- **DATASET EXCERPT**:
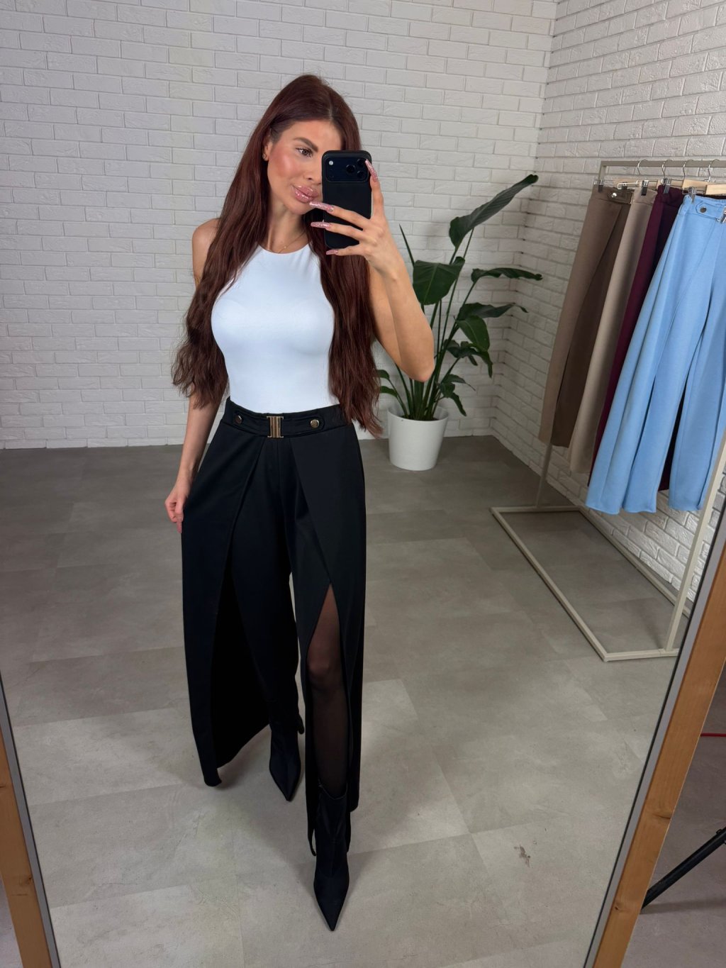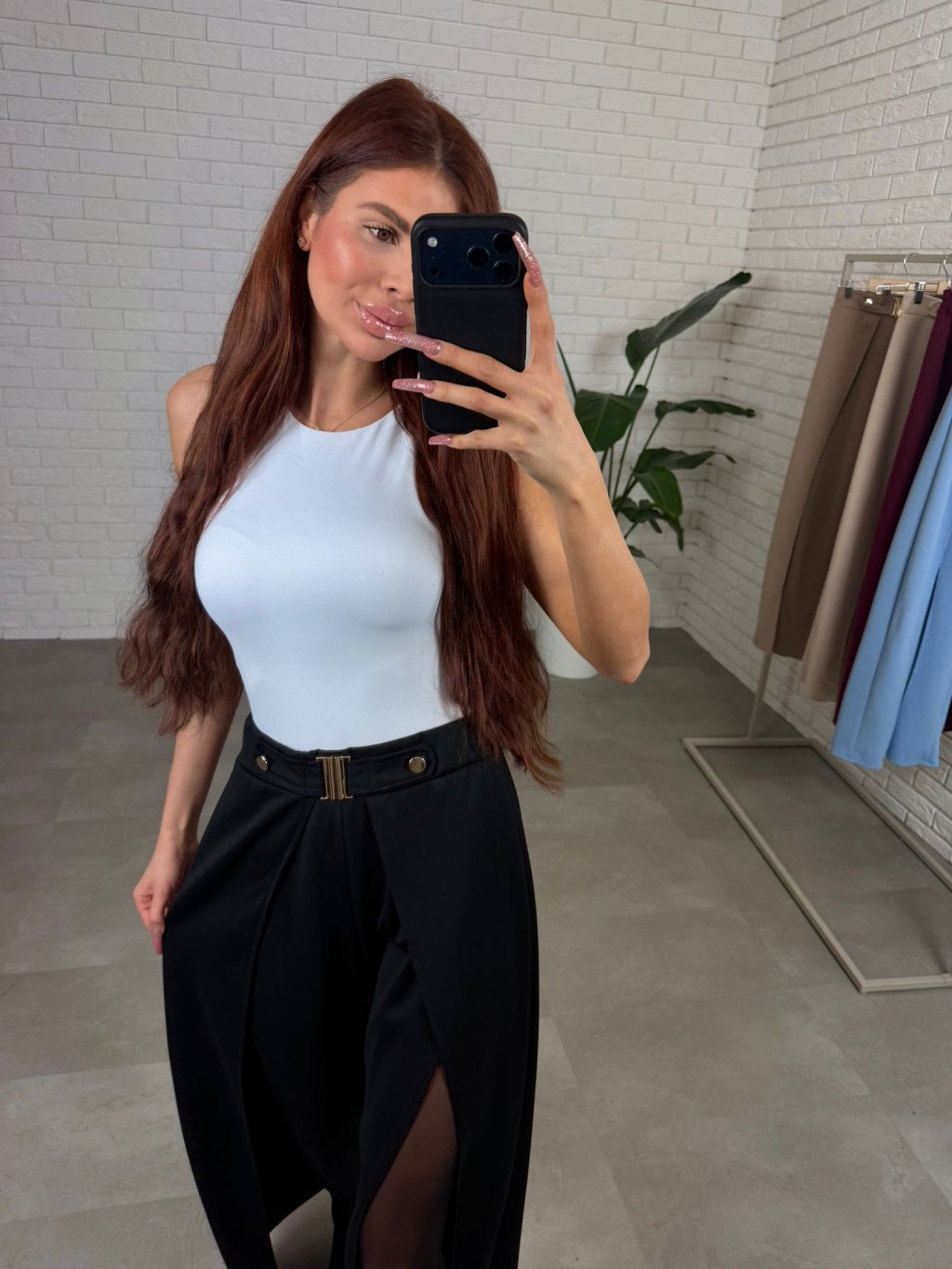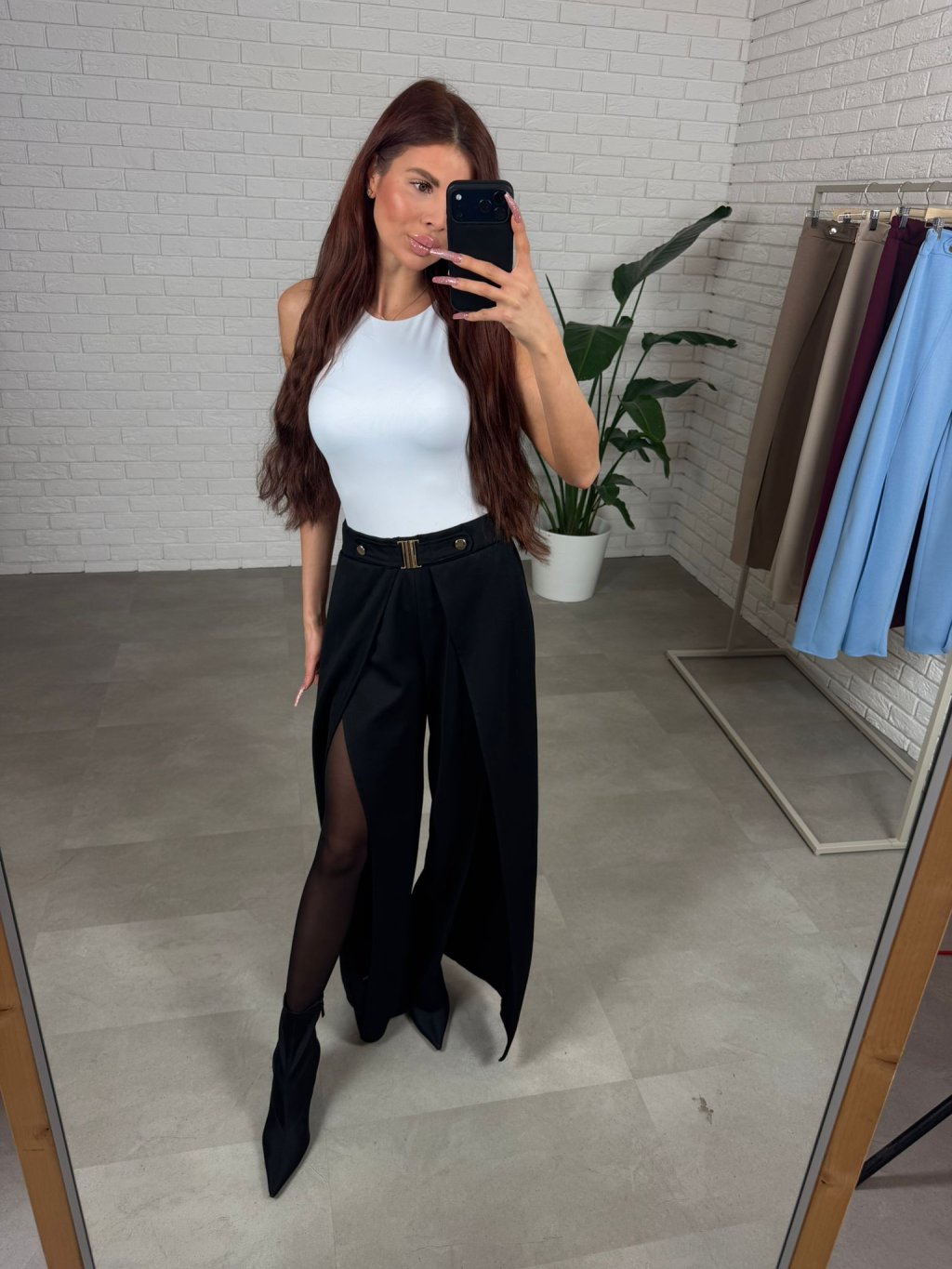 Kalhoty DARA s otevřeným střihem, stylový kousek z hladkého poloteplákového nemačkavého materiálu. Na vysokém pase je elastická guma se zlatými elementy. Sednou od XS po L Na vyšší i nižší dívky. Kalhoty DARA jsou skvělá volba na jaře i na léto.
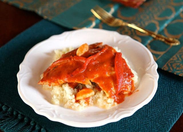 قدمي شرائح السمك بالصلصة والثوم مع كسكس القرنبيط.
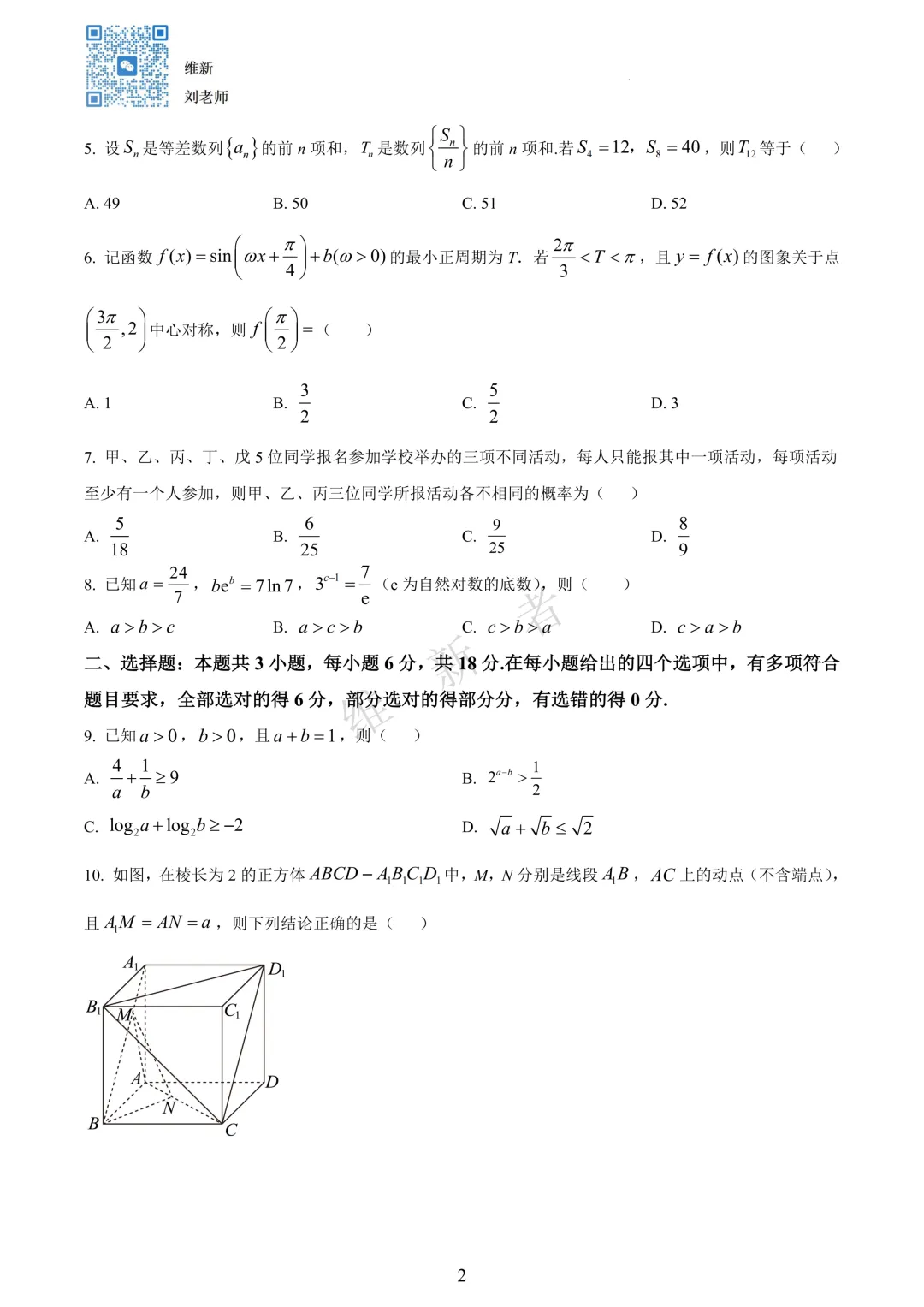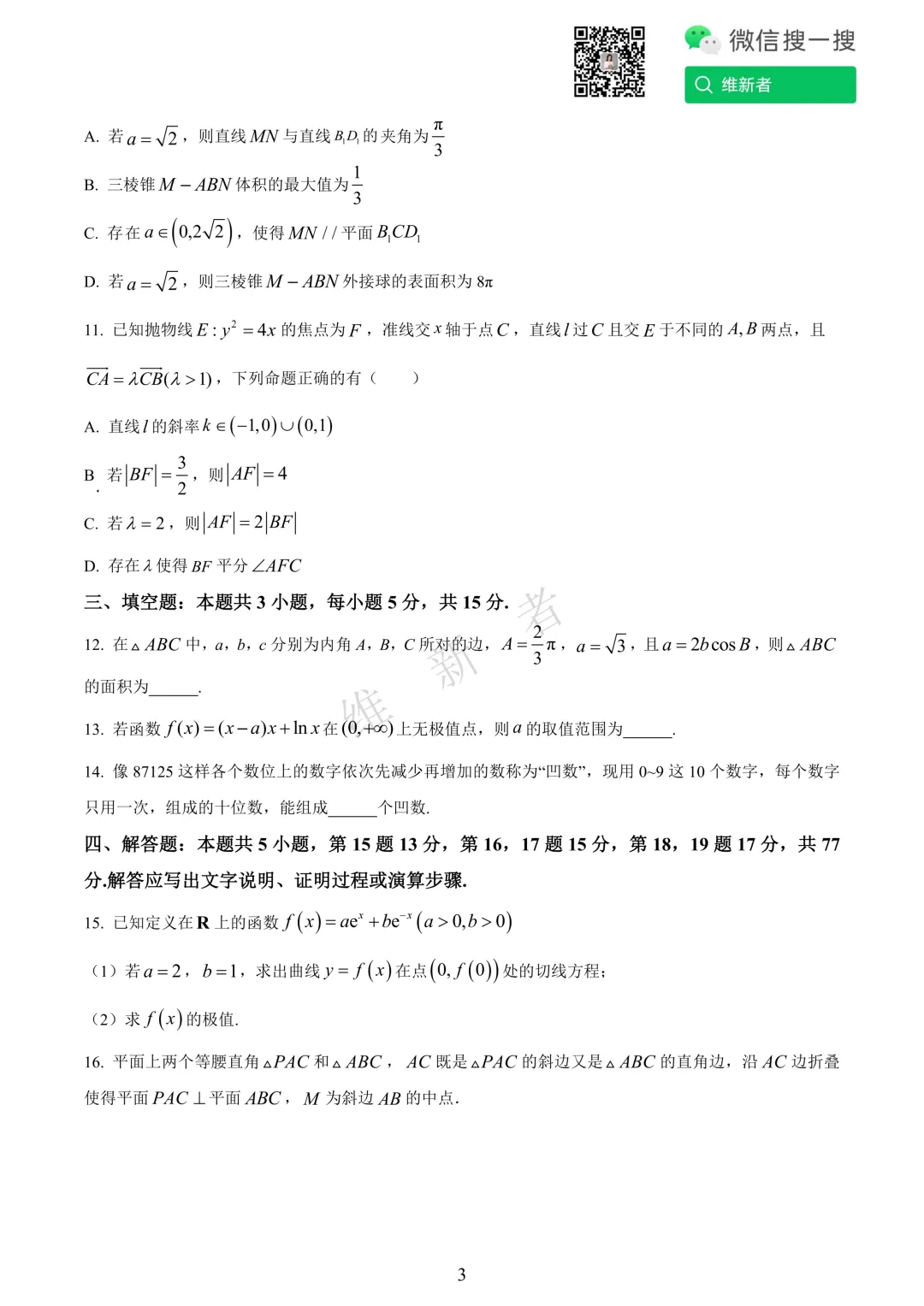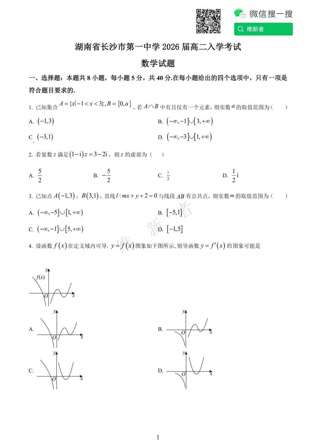 维新者致力于收集和整理各大名校试题,帮助您省心省力获取各类优质的试卷与教辅资源。我们这次带来的是湖南省长沙市第一中学2026届高二入学考试数学试题及答案,希望能够有助于您孩子的学习。

- **WHAT IS REQUIRED**: All of the material goes into the answer exactly as it stands, except for the pictures.

- **RESULT OF THE EXERCISE**:
 Kalhoty DARA s otevřeným střihem, stylový kousek z hladkého poloteplákového nemačkavého materiálu. Na vysokém pase je elastická guma se zlatými elementy. Sednou od XS po L Na vyšší i nižší dívky. Kalhoty DARA jsou skvělá volba na jaře i na léto.
 قدمي شرائح السمك بالصلصة والثوم مع كسكس القرنبيط.
 维新者致力于收集和整理各大名校试题,帮助您省心省力获取各类优质的试卷与教辅资源。我们这次带来的是湖南省长沙市第一中学2026届高二入学考试数学试题及答案,希望能够有助于您孩子的学习。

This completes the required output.